A Day in the Cotswold the heart of England

Yes, you read well I wrote a day. I know the Cotswold deserve a much longer visit, a weekend or three days. So here I’m writing for you driving down from dropping or visiting your son/daughter at uni up in the North and going down to London. How does that sound? So how did it work out for us?

We did exactly that, dropping son number one in Sheffield, visiting son number two in Manchester, visiting son number three in Nottingham. On the route driving back to London, the Cotswold were the perfect picturesque stop. We arrived pretty late at Stow-on-the-Wold to stay at a boutique hotel, and go out for dinner, this was the first village we’d visited.

Stow on the Wold

It was dark and raining, so I didn’t see much, but the first impression through the car windows was good because I loved the lights and rain reflection on the pavement with the limestone house walls in the background it felt like stepping into a TV series of some sort. I chose this village among others by reading many recommendations about the best village in The Cotswold. I was not disappointed that Stow on the Wold is so cute. Apparently, it’s also one of the highest villages. When we arrived, we just had time to drop off the luggage at the Kings Arms Hotel (Kings Charles I stayed there in 1645!) and for dinner at the Old Stock Inn. We could have stayed at the hotel for dinner, but they stopped serving dinner after 9pm, so the choice was pretty limited. The Old Stock Inn was a great choice indeed. I loved the cosy atmosphere in the dining room and the feel of being in someone’s dining room rather than a restaurant. The Old Stock inn is an old coaching inn next to the medieval stocks hence its name. The decor is very cosy and Scandinavian inspired with velvet sofas, and light coloured painted walls. They also have a boutique hotel where you can stay. The dinner choice was great, even gluten and dairy-free (yep, that’s me), with a wine list offering English wines.

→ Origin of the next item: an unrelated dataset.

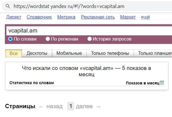 Напоследок мы проверили количество запросов финансовых разводил ВКапитал по домену конторы с точкой, а именно "vcapital.am". Данный запрос пользователи так же не выполняли.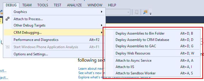 - Deploy Assembly to CRM Database – the assembly will be updated in the CRM database, but the debug file will not be copied to the CRM’s Bin folder.

We had breakfast at the hotel the next day, where they served a generous amount of eggs and smoked salmon before we headed for a tour of the village during the daytime. Then, we started off walking back towards the Village Green and the Medieval Church St Edwards with a Yew Tree entrance, one of the most photographed spots. But there’s more to feed your camera with, walk to the market square that used to host markets since 1107 and look out for the high walled alleys ways known as “Tures”, which would let a flock of sheep through being sold on the market. Today, the market mainly hosts antiques, gift shops, and cosy cafés.

After you had a good browse through, head towards Upper Slaughter and Lower Slaughter.

Upper and Lower Slaughter

Both villages are on the river Rye. You can easily walk from Stow to Lower and Upper Slaughter through the fields. Suppose you’re curious about the name, nothing to do with slaughterhouse. In that case, their name comes from the Old English word “slothre” meaning muddy or murky place.

Lower Slaughter

Start off at the St Mary’s Church, dating back from the 13th century and restored in 1867. The church is a typical medieval building with stonework. Step inside to admire the colourful stained windows.

The Old Mill is another distinctive building. You can’t miss the red bricks chimney shouting through the villages houses roof. The mill was used to grind flour until 1958. It is now a museum where you learn about the millwork and traditional bread making.

Lower Slaughter is linked to Upper Slaughter by a one-mile path through the fields, about 30 minutes. Don’t miss it as it’s a real postcard of an English Village. The dominating building is Gabled Manor House transformed into a hotel.

We continued our journey, hoping to visit Bourton-on-the-Water. I guess everyone had the same idea. However, it was so crowded that we gave up. To be honest, I don’t like my photographs with a big crowd on them. So I have decided to go back during a quieter time or get up super early to have a chance to photograph the “Venise of the Cotswold’. With a name like that I now understand why it was so crowded even out of the school holiday period. So get prepared as this seems to be the number one village to visit in Cotswold.

The Cotswold has a lot to offer with beautiful walks, boutique hotels, and delicious food with English wine. Even if you’ve only got one day to stay, it is well worth the trip. Among Stow-on-the-Wold, Burton-on-the-Water, Upper and Lower Slaughter, is there a place where you would prefer to stay? Share your thoughts in the comments.